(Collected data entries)
^^^^

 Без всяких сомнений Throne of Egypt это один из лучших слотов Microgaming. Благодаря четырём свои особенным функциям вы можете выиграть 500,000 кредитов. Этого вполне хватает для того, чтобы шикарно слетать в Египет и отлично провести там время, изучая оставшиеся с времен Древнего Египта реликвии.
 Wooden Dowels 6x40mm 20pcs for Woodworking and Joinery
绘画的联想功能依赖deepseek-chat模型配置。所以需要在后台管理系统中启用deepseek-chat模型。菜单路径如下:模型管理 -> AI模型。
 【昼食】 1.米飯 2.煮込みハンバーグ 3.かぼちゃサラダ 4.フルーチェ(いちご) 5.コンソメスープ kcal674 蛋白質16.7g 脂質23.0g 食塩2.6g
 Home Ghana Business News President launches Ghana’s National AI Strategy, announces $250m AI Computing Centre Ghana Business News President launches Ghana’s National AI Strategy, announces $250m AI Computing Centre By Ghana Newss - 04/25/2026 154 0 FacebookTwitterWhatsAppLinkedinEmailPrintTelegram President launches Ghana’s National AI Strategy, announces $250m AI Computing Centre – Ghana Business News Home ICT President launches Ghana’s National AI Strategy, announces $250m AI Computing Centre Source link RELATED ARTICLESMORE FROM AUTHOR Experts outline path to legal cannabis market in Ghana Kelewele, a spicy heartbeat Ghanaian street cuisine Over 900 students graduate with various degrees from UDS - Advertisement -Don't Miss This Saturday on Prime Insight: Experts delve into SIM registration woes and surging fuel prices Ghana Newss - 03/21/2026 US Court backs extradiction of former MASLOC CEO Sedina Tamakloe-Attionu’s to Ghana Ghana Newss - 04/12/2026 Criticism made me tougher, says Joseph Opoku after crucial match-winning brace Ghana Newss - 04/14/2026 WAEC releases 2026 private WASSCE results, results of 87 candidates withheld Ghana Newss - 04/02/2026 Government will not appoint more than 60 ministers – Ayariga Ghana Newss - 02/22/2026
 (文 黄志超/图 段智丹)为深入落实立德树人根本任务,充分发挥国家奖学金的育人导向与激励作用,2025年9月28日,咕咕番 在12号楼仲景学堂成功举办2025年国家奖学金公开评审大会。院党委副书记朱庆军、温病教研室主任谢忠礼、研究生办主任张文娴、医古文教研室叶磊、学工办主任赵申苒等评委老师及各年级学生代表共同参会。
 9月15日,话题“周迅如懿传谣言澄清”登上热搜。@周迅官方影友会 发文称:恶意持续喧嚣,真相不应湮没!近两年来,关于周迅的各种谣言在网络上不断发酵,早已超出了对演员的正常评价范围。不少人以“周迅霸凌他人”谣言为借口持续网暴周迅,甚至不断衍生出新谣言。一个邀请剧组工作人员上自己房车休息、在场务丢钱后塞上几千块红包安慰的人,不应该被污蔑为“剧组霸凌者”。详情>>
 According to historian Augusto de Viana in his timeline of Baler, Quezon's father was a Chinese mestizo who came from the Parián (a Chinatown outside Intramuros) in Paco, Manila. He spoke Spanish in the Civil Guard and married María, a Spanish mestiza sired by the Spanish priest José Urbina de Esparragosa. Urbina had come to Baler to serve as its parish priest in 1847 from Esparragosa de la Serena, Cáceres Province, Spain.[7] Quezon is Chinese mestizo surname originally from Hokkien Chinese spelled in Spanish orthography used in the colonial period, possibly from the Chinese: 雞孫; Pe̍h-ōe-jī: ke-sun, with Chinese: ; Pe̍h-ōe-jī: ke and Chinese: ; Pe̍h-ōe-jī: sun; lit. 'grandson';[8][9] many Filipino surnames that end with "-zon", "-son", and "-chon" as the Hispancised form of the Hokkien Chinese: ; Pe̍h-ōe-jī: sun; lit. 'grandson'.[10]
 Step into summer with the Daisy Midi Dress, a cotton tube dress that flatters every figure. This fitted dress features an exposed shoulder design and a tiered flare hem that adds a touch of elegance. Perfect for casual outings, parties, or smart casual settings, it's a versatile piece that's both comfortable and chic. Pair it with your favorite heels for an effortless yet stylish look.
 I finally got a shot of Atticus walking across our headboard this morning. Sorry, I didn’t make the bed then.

^^^^

Would you please repeat exactly the lines above, starting at the line with "According to historian" and stopping at the line with "Step into summer", both included?

 According to historian Augusto de Viana in his timeline of Baler, Quezon's father was a Chinese mestizo who came from the Parián (a Chinatown outside Intramuros) in Paco, Manila. He spoke Spanish in the Civil Guard and married María, a Spanish mestiza sired by the Spanish priest José Urbina de Esparragosa. Urbina had come to Baler to serve as its parish priest in 1847 from Esparragosa de la Serena, Cáceres Province, Spain.[7] Quezon is Chinese mestizo surname originally from Hokkien Chinese spelled in Spanish orthography used in the colonial period, possibly from the Chinese: 雞孫; Pe̍h-ōe-jī: ke-sun, with Chinese: ; Pe̍h-ōe-jī: ke and Chinese: ; Pe̍h-ōe-jī: sun; lit. 'grandson';[8][9] many Filipino surnames that end with "-zon", "-son", and "-chon" as the Hispancised form of the Hokkien Chinese: ; Pe̍h-ōe-jī: sun; lit. 'grandson'.[10]
 Step into summer with the Daisy Midi Dress, a cotton tube dress that flatters every figure. This fitted dress features an exposed shoulder design and a tiered flare hem that adds a touch of elegance. Perfect for casual outings, parties, or smart casual settings, it's a versatile piece that's both comfortable and chic. Pair it with your favorite heels for an effortless yet stylish look.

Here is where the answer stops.